* WORK REQUIRED
Copy nothing before the line that contains "In 2021/2 the"; from there, transcribe each line exactly through the end of the material, omitting pictures.

* DATA PROVIDED
━━━━━━━━━━━━━━━━
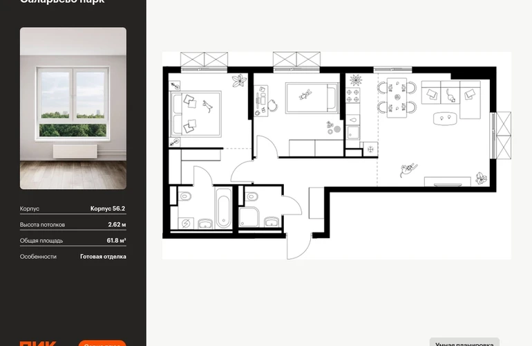 Продаётся 2-комн.квартира площадью 61.80 кв.м на 2 этаже 22 этажного дома (Корпус 56.2 , секция 2) проекта ПИК Саларьево парк. Светлый просторный подъезд на уровне земли, функциональная планировка, большие окна, с отделкой. <br> <br>Жилой район «Саларьево парк» расположен в Новой Москве, в четырёх километрах от МКАД по Киевскому шоссе. Две станции метро: «Саларьево» и «Филатов луг» — находятся в пешей доступности от проекта. Дойти до них можно за 5–10 минут. В квартале уже создана качественная среда, где есть абсолютно всё для полноценной жизни, работы и отдыха. <br> <br>«Саларьево парк» — не просто квартал, а полноценный жилой район, который отличается разноплановой архитектурой. Над концепцией квартала работали несколько ведущих архитектурных бюро, которые стремились добиться разнообразия в фасадных решениях. Ярким примером такого подхода станет корпус 83, который относится к «Серии плюс». <br> <br>Новый корпус 83 был создан по принципам южной архитектуры: расслабленный и лаконичный силуэт зданий, привлекающий к себе внимание. Архитектурная изюминка 83-го корпуса — террасы и фигурные балконы. Вместе с окнами и другими акцентными элементами они создают уникальный облик здания, отсылая нас к изысканной южной архитектуре. <br> <br>Все корпуса в квартале гармонично сочетаются, образуя единую городскую среду. Здесь приятно гулять и проводить время на улице всей семьёй. <br> <br>В «Саларьево парке» создана уникальная образовательная среда, включающая в себя шесть школ, рассчитанных на 6 250 учеников. Две из них уже открыты, их посещает 2 300 детей. Также на территории «Саларьево парка» находится 12 детских садов, один из которых с бассейном. Сейчас уже открыты 7 садов. <br> <br>В «Саларьево парке» открыта уникальная игровая площадка — PlayHub «Оригами». Здесь есть ручей, горка-труба и рельефные холмы. Взрослые смогут отдохнуть в уютном кафе, пока дети играют. Также на территории проекта есть SportHub — большая спортивная зона, разделённая по интересам и возрастам. Здесь можно заниматься разными видами спорта: футболом, баскетболом, волейболом и стритболом. Зимой центральную часть площадки превращают в каток. <br> <br>Во дворах-парках жилого квартала есть места для отдыха, детские и спортивные площадки. На первых этажах домов расположены магазины, кафе и полезные сервисы. Также вблизи проекта есть несколько масштабных торговых центров. До ТЦ «Саларис» пять минут пешком, до «Рио», Metro Cash & Carry и «Лемана про» — пять минут на автомобиле. Артикул - 990491О застройщике
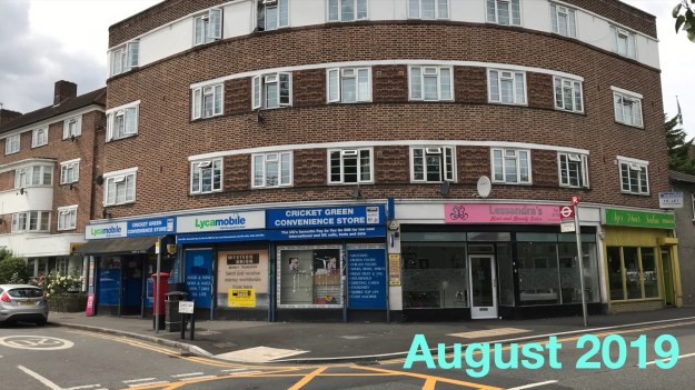 In 2021/2 the shop fronts were given a facelift, paid for out of the Community Infrastructure Levy, which is contributed to by local developers. This was done after a successful campaign by the group Mitcham Cricket Green Community & Heritage, who had campaigned for this parade and Bramcote Court be added to Merton Council’s Local List.
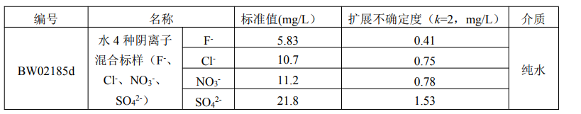您正在浏览的产品:水中4种阴离子混合标样/(F、Cl、NO3、SO4)
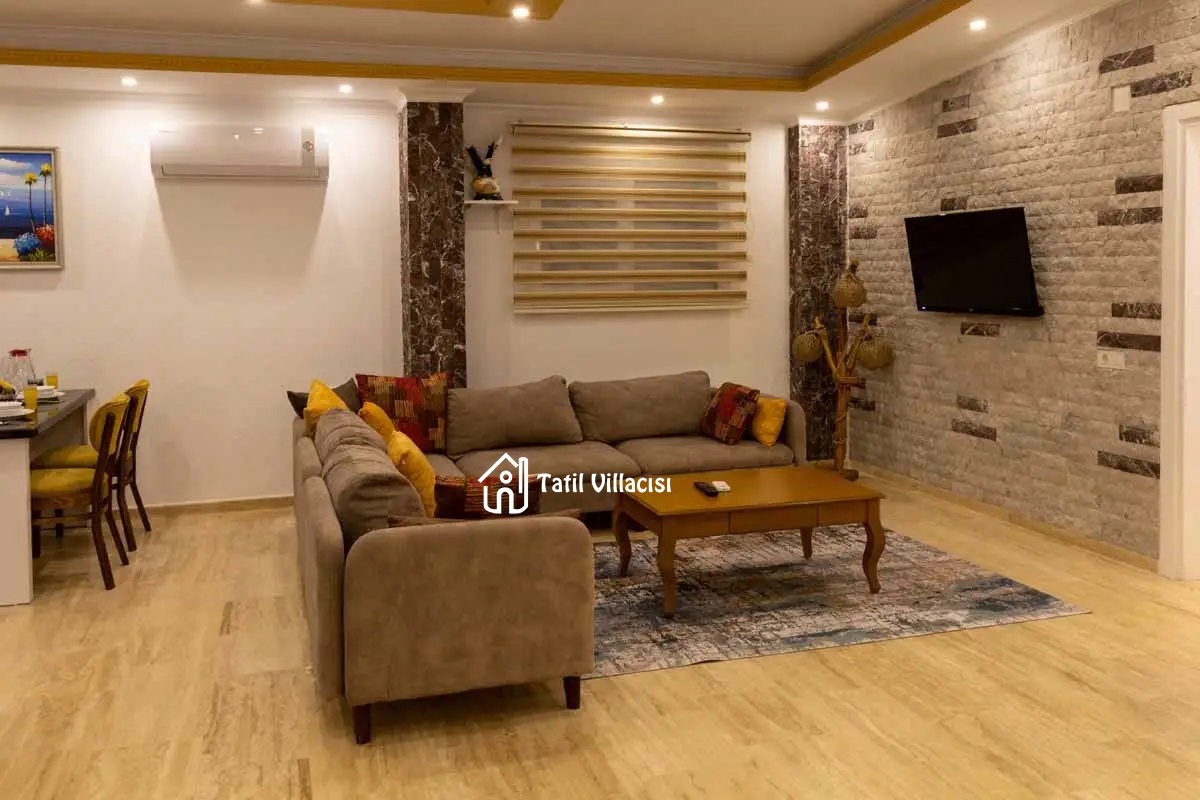Salonumuzda rahat, kaliteli, oturma gurubu,  LCD ve uydu alıcısı,  havuz başına ve bahçeye çıkış vardır.
━━━━━━━━━━━━━━━━
* RESPONSE BELOW
 In 2021/2 the shop fronts were given a facelift, paid for out of the Community Infrastructure Levy, which is contributed to by local developers. This was done after a successful campaign by the group Mitcham Cricket Green Community & Heritage, who had campaigned for this parade and Bramcote Court be added to Merton Council’s Local List.
您正在浏览的产品:水中4种阴离子混合标样/(F、Cl、NO3、SO4)
Salonumuzda rahat, kaliteli, oturma gurubu,  LCD ve uydu alıcısı,  havuz başına ve bahçeye çıkış vardır.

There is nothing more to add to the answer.